The second half of the workshop we focused on solutions and adaptations. We looked at innovative examples of reducing soil erosion by observing mineral migration, and the ICARDA developments of drought-resistant wheat seeds. We recalled the organic farming principles discussed during my visit in 2021 and how many of the same practices are present in CSA.

We focused on the many benefits and types of cover crops and the pros and cons of each. We discussed the specifics of no or less till agriculture and the importance of disturbing the soil as little as possible for maintaining soil health, increasing soil moisture retention, reducing soil erosion, and sequestering carbon. We talked together about the importance of crop rotation, drought-resistant crops and endemic plants, and seed saving from year to year.

We spoke about soil testing to understand nutrient deficiencies and what can be planted or added to the soil to improve crop yield. Finally, we discussed strategies for managing water resources with more focused watering through drip irrigation and critical times for watering in plant and tree development. We also touched on the increase in good development and how it affects groundwater availability for all.

Attending the workshop was Hassan Aguermousse, the regional director of the Department of Agriculture, who was able to provide the attendees with specific information about drip irrigation incentives from the government of Morocco, and more specific information about wells and their effects. I then shared the seed packets donated by the Michigan Master Gardner’s Association.

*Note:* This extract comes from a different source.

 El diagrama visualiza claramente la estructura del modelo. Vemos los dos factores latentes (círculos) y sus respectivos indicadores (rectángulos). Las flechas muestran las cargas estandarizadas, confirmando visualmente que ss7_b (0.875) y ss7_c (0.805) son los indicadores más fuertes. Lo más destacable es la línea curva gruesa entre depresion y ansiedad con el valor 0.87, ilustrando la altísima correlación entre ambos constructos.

On February 3 we began the day by visiting the Olive Cooperative Taymate in Timoulilte Commune. Many of the cooperative members were unable to attend the workshop the day before and were interested in learning about our discussion that day. We briefly discussed climate change and then focused our discussion on the CSA principles of cover cropping, no or less till agriculture, crop rotations, drought-resistant crops, plants, and endemic species. This group had also heard of “sandwich gardening” and was interested in learning more about that method. I have some experience with the layered concept of this method but have never seen it employed on a large scale. This method could work well for small vegetable plots.

After the visit to the cooperative, we visited the local farm of Si Brahim in Afourar,  who had attended the workshop the day before. We were particularly interested in his farm because he has a solar-powered well, successful crops, and diverse tree species. At Brahim’s farm, we collected a soil sample and did a nutrient and pH analysis with the test provided by the University of Arizona. We spoke about how these tests are meant to give an idea of nutrient levels in the soil, but will not give you an exact amount. These types of tests could be easier for farmers to give them an idea of levels several times throughout the year.

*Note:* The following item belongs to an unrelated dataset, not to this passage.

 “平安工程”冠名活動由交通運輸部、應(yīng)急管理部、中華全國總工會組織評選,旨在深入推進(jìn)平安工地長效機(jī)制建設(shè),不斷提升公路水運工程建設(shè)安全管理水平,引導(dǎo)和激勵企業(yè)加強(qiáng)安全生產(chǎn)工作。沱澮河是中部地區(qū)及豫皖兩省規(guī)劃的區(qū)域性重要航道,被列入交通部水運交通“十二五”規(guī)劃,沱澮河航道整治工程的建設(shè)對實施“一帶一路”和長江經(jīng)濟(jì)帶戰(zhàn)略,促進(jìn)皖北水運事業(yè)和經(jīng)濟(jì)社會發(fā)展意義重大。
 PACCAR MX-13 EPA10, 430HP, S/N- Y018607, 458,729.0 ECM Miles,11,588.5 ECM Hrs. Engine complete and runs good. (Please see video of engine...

Conducting field tests of composite soil samples on farms to determine nutrient levels and pH ideally before planting. Photo Credit: HAF

Although OCP offers free soil tests, the barrier for farmers appears to be the cost and logistics of shipping as well as the time waiting for results. However, we discussed the importance of knowing the exact levels at least once every 2-5 years. There was some trial and error with the tests and we may not have gotten an accurate reading, but it appears that the area we tested was slightly acidic and lacking nitrogen.

We focused on how to obtain a more accurate reading for future tests by collecting a composite sample over 5-7 spots per hectare, and mixing them together with distilled or non-mineral water at a ratio of 5 parts water to one part soil. The mixture must then settle for at least one hour before transferring the water on top into the analysis tubes. I left all the testing supplies with Aziz for distribution as needed. More supplies will be needed.